1. Create a dictionary: We'll use a dictionary to store anagrams. The keys will be the sorted version of each string (since anagrams have the same letters, just rearranged), and the values will be lists of strings that share that sorted key.

2. Iterate through the input list: For each string in the input list strs, we:

   • Sort the string alphabetically.
   • Use the sorted string as the key in our dictionary.
   • If the key already exists, append the original string to the list associated with that key.
   • If the key doesn't exist, create a new list with the original string as its only element.

3. Extract the values: Finally, we extract the values (the lists of anagrams) from the dictionary. This gives us the desired grouped anagrams.

Explanation

The core idea is to use the sorted version of each string as a unique identifier for its anagram group. Sorting the string allows us to easily identify anagrams because they will have the same sorted form. The dictionary provides an efficient way to group strings based on their sorted representations.

Code

from collections import defaultdict

def groupAnagrams(strs):
    """
    Groups anagrams together.

    Args:
        strs: A list of strings.

    Returns:
        A list of lists, where each inner list contains strings that are anagrams of each other.
    """
    anagram_dict = defaultdict(list)  # Use defaultdict to avoid KeyError exceptions

    for word in strs:
        sorted_word = "".join(sorted(word)) # Sort the string and convert it back to string.
        anagram_dict[sorted_word].append(word)

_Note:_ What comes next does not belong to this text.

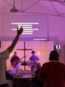 It’s usually myself and Abigail that lead and we have been so blessed by others that have joined us on band from time to time, having instruments such as piano, violin and cajon to accompany us.

    return list(anagram_dict.values()) #Return the values (list of anagrams) from the dictionary

Complexity

• Time Complexity: O(M * N * log N), where N is the average length of strings and M is the number of strings. The sorting of each string takes O(N * log N) time, and we do this for M strings.

• Space Complexity: O(M * N) in the worst case. This is because in the worst-case scenario (all strings are anagrams), the dictionary could store all strings, resulting in a space proportional to the total number of characters in all strings. The space usage could be less if there are fewer anagram groups.